A gente vê que, por exemplo, se Death Note já foi o sucesso que foi, é razoável imaginar que G-Senjou no Maou também fosse ser um anime muito memorável (se bem adaptado, óbvio). A obra traz não só um ótimo mistério e esses embates intelectuais, mas também a maior parte da sua trilha sonora é composta por adaptações de músicas clássicas, o que faz toda a experiência ser realmente marcante. Ainda no ramo de mistério, Kara no Shoujo foi horripilante. Naquela linha de assassinatos bizarros, horror corporal e tudo mais, não é o tipo de obra que eu normalmente consumiria. No entanto, a obra tem um mistério muito bem executado, com um toque de filosofia por trás e um cenário que dá um diferencial (Japão nos anos 50) no contexto da obra.  

Minha segunda Visual Novel favorita de todas, SeaBed, também é impecável na execução do mistério por trás da obra, certamente uma das experiências mais únicas que tive, mas aqui eu recomendo fortemente jogarem a VN sem conhecimento prévio.

É meio louco como você pode esbarrar em uma Visual Novel que decidiu “pensar fora da casinha” e explorar a liberdade estrutural da mídia a qualquer momento. Em Axanael, por exemplo, a premissa é a de que existe uma arma que funciona como uma roleta russa — aperte o gatilho apontando na sua direção e seu desejo se tornará realidade, porém, uma das balas é real — e, ao menos na primeira vez que você joga, eles levam isso ao pé da letra. No caso, se o personagem vai ter o desejo realizado ou levar um tiro na cabeça é totalmente na sorte. Ou seja, é realmente imprevisível o caminho que o roteiro vai tomar, pois qualquer um dos protagonistas pode morrer.

Em Corpse Party, história sobre um grupo de estudantes que são teletransportados para uma escola amaldiçoada após realizarem um ritual, por outro lado, você até tem controle sobre as escolhas do jogo, mas se um dos personagens principais morrer, muitas vezes a história simplesmente segue sem ele(a).
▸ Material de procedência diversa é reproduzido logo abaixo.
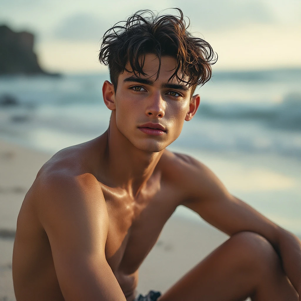 A 20-year-old man with very thin, brown eyes, dark brown short hair, with striking yet soft facial features, sitting on the beach and looking dreamily into the camera Instagram 8k realistic 5 fingers

Graças a isso, o jogo tem uma série de finais diferentes para explorar em cada capítulo do jogo.

Às vezes os criadores podem decidir que, ao invés do típico personagem de anime na sua obra, ele prefere que sejam pessoas reais ali, como é o caso de 428 ~Fuusa Sareta Shibuya de~, uma obra no melhor estilo narrativo de Durarara!!, só que com atores contratados para serem os personagens da Visual Novel (OBS: Dessa Visual Novel se originou o anime Canaan, adaptado de um capítulo bônus da VN). No mais, citaria também algumas obras da Liar-Soft, como Forest, por usarem muito do surrealismo e aproveitarem temáticas como conto de fadas para criar narrativas bizarras e propositalmente confusas, usando a metalinguagem e um estilo de arte muito exótico para enriquecer a narrativa e a história.

Eu gostaria de acrescentar que, embora ao longo desse texto eu tenha comentado muito sobre o tanto de Visual Novels únicas, de uma forma ou de outra, que existem, isso não significa que as histórias, artes e estruturas mais comuns não consigam se destacar também. É como eu gosto de dizer, no fim das contas, o que realmente importa é a execução de ideias. Koiken Otome é uma VN que eu gosto muito, mesmo seguindo ali a linhagem das obras de escola de magia que muitos desgostam, é uma obra que trás uma abordagem convincente, em partes até sociológica, e um bom desenvolvimento de personagens.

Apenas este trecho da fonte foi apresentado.